[[ DATA SECTION open ]]

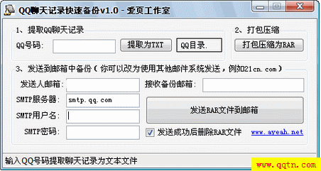 1、输入QQ号码提取所有聊天记录为TXT文件(包括普通聊天记录、群聊天记录、临时会话。。。)
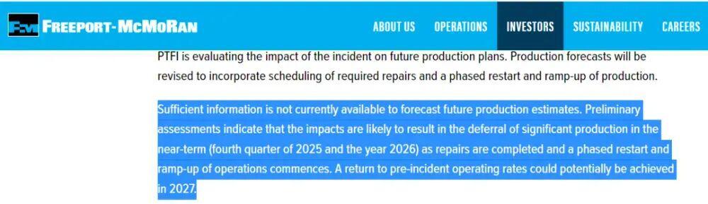9月24日,美国矿业巨头自由港公司披露了一则震撼市场的消息:其旗下全球第二大铜矿——印尼Grasberg铜矿在9月8日遭遇特大泥石流灾害。这场地质灾难导致80万吨湿性矿料涌入矿井,直接摧毁了矿区关键基础设施。迫于无奈,自由港公司宣布启动不可抗力条款,预计2025年四季度铜产量将锐减20万吨,2026年再减27万吨,直至2027年才能全面恢复生产。
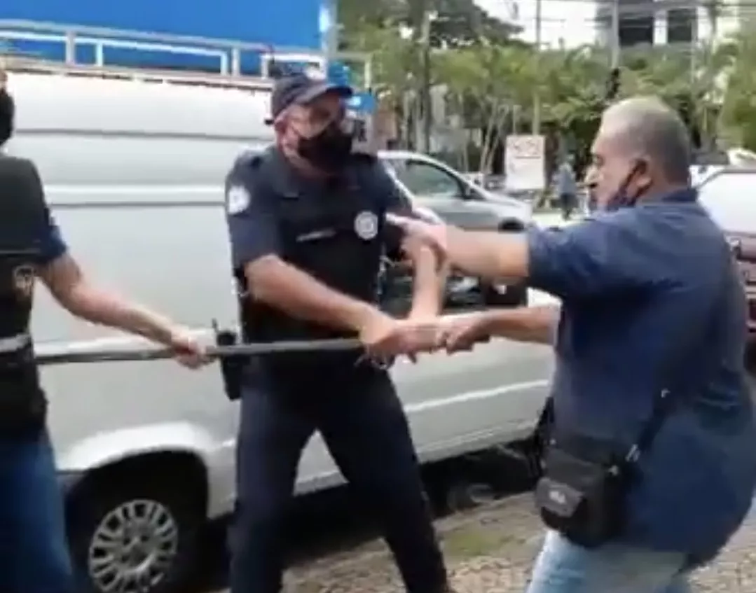Depois disso, um homem sinalizou atacar o fiscal, que se defendeu com a barra de ferro. A Guarda Municipal ficou, então, na frente do fiscal e apontou os teasers (armas de choque) para as pessoas que estavam próximas.
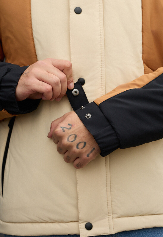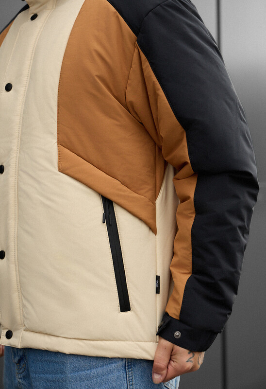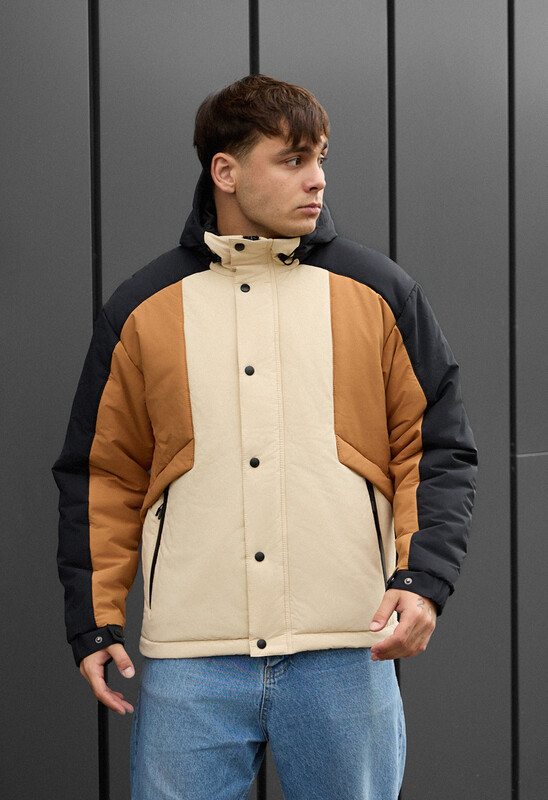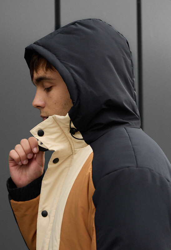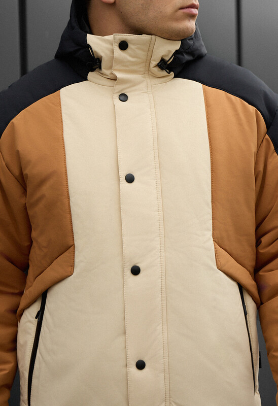 Идеальное решение для комфортной зимы в городе (от 0 до -20°C)! Эта стильная куртка в контрастном чёрно-молочно-коричневом цвете создана из влагоотталкивающего полиэстера и утеплена высококачественным Hollowsoft, гарантируя надёжную защиту от холода и ветра. Куртка имеет актуальный крой со спущенными плечами, высокую горловину, большой капюшон с фиксаторами и внешний тракторный замок-молнию, прикрытый планкой на кнопках. Защиту от продувания обеспечивают манжеты на резинках с кнопками и эластичная стяжка внизу для регулировки объёма, а функциональность подчёркивается двумя внешними карманами на водоотталкивающей молнии и двумя внутренними карманами.

[[ DATA SECTION closed ]]

■ TASK PROMPT
Copy the data character for character, but drop all pictures from the copy.

■ YOUR SOLUTION
 1、输入QQ号码提取所有聊天记录为TXT文件(包括普通聊天记录、群聊天记录、临时会话。。。)
9月24日,美国矿业巨头自由港公司披露了一则震撼市场的消息:其旗下全球第二大铜矿——印尼Grasberg铜矿在9月8日遭遇特大泥石流灾害。这场地质灾难导致80万吨湿性矿料涌入矿井,直接摧毁了矿区关键基础设施。迫于无奈,自由港公司宣布启动不可抗力条款,预计2025年四季度铜产量将锐减20万吨,2026年再减27万吨,直至2027年才能全面恢复生产。
Depois disso, um homem sinalizou atacar o fiscal, que se defendeu com a barra de ferro. A Guarda Municipal ficou, então, na frente do fiscal e apontou os teasers (armas de choque) para as pessoas que estavam próximas.
 Идеальное решение для комфортной зимы в городе (от 0 до -20°C)! Эта стильная куртка в контрастном чёрно-молочно-коричневом цвете создана из влагоотталкивающего полиэстера и утеплена высококачественным Hollowsoft, гарантируя надёжную защиту от холода и ветра. Куртка имеет актуальный крой со спущенными плечами, высокую горловину, большой капюшон с фиксаторами и внешний тракторный замок-молнию, прикрытый планкой на кнопках. Защиту от продувания обеспечивают манжеты на резинках с кнопками и эластичная стяжка внизу для регулировки объёма, а функциональность подчёркивается двумя внешними карманами на водоотталкивающей молнии и двумя внутренними карманами.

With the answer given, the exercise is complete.